Yine de, The Walk'taki yardımcı karakterler Petit kadar tam olarak gelişmemişler (ve Petit'in "darbesini" gerçekleştirmede oynadıkları gerçek hayattaki önemli roller bazen tartışmalı bir şekilde oynanıyor), ancak Petit'in suç ortaklarının her birinin farklı bir kişiliği var. Kendi rollerine insanlık ve mizahın güzel bir karışımını getiren Charlotte Le Bon (Yüz Ayak Yolculuğu), James Badge Dale (Demir Adam 3), Ben Schwartz (Parklar ve Rekreasyon, Yalanlar Evi) gibi yetenekli karakter oyuncuları, ve Steve Valentine (A Christmas Carol (2009)) - Ben Kingsley, Petit'in huysuz akıl hocası Papa Rudy olarak güçlü topluluğu tamamlıyor.

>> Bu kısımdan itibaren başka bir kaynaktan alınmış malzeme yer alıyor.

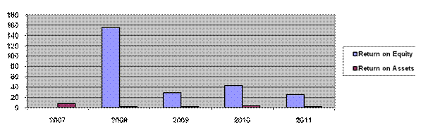 Return on assets stood at 2.08 per cent (FY10: 3.88 per cent). The return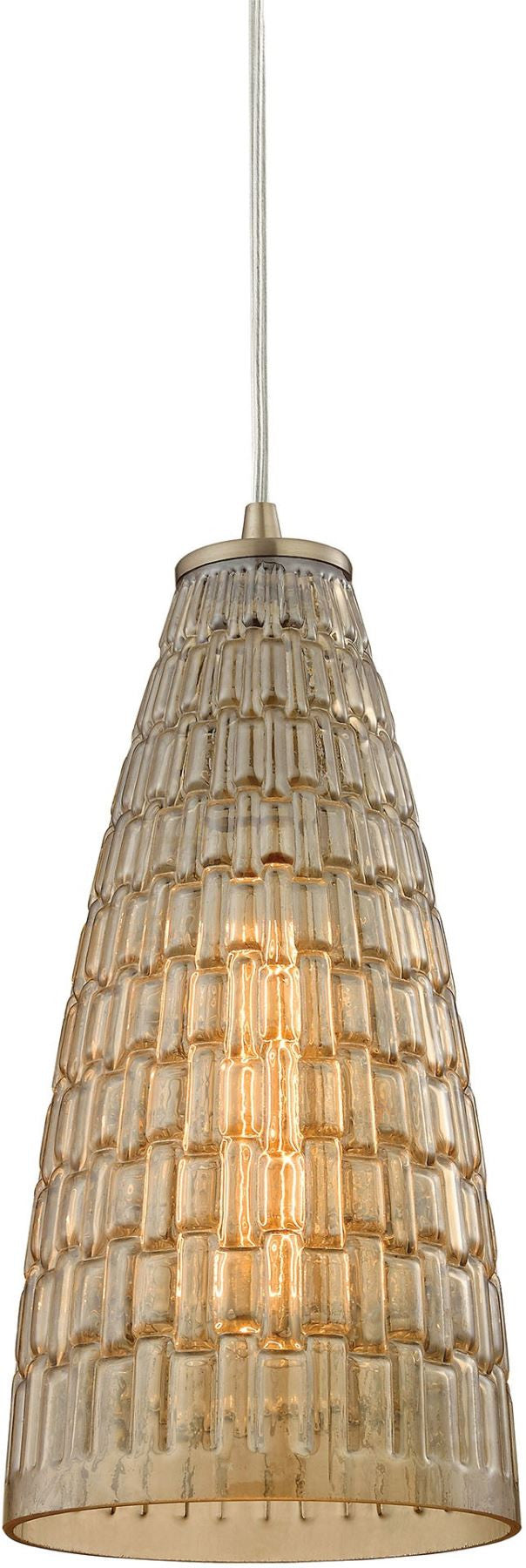 Mickley 1 Light Pendant In Satin Nickel and Amber Teak Glass

Yürüyüş, 3D film yapımının etkileyici bir gösterimi olmasının yanı sıra eğlenceli ve genellikle heyecan verici bir hikaye anlatımıdır. Uçuş, Zemeckis'in birkaç yıl süren kutuplaştırıcı hareket yakalama uzun metrajlı filmleri yönettikten sonra forma dönüşünü temsil ediyorsa, The Walk, yönetmenin hala kullanabileceği en yeni film yapım teknolojisi aracılığıyla harika hikayeler anlatmaya çalıştığını gösteriyor. The Walk, Gravity ile bütün bir deneyim olarak aynı seviyede olmasa da, gelecekteki 3D film yapım girişimleri için çıtayı birçok yönden yükseltiyor - yine de herhangi bir iyi filmin temel bileşenlerini (iyi performanslar, sağlam yazılar, vb..).

Petit'in daha önce hayata geçirilen öyküsünü hiç görmemiş olanlar, The Walk'un öyküsünün heyecan verici bir yorumu olduğunu görebilir - mevcut en büyük ekranda deneyimlenmesi gereken bir şey. Man on Wire'ın bazı hayranları, The Walk'ın özden ziyade aynı anlatıyı ele alan bir tarz olduğunu görebilir (ve ayrıca gerçeklerden nasıl ayrıldığına dair sorun çıkarabilirler); ancak yine, aynı olay örgüsünün farklı bir şekilde yorumlanmasına açık olanlar, Zemeckis'in filmini Petit'in "yüzyılın sanatsal suçu" na eşit derecede takdire şayan bir yorum olarak görebilirler.

TANITIM VİDEOSU

Yürüyüş şu anda seçkin IMAX 3D sinemalarda gösteriliyor ve 9 Ekim 2015'te ülke çapında genişleyecek. 123 dakika uzunluğunda ve tehlikeli durumları içeren tematik öğeler ve bazı çıplaklık, dil, kısa uyuşturucu referansları ve sigara içmek.

Yorum bölümünde film hakkında ne düşündüğünüzü bize bildirin!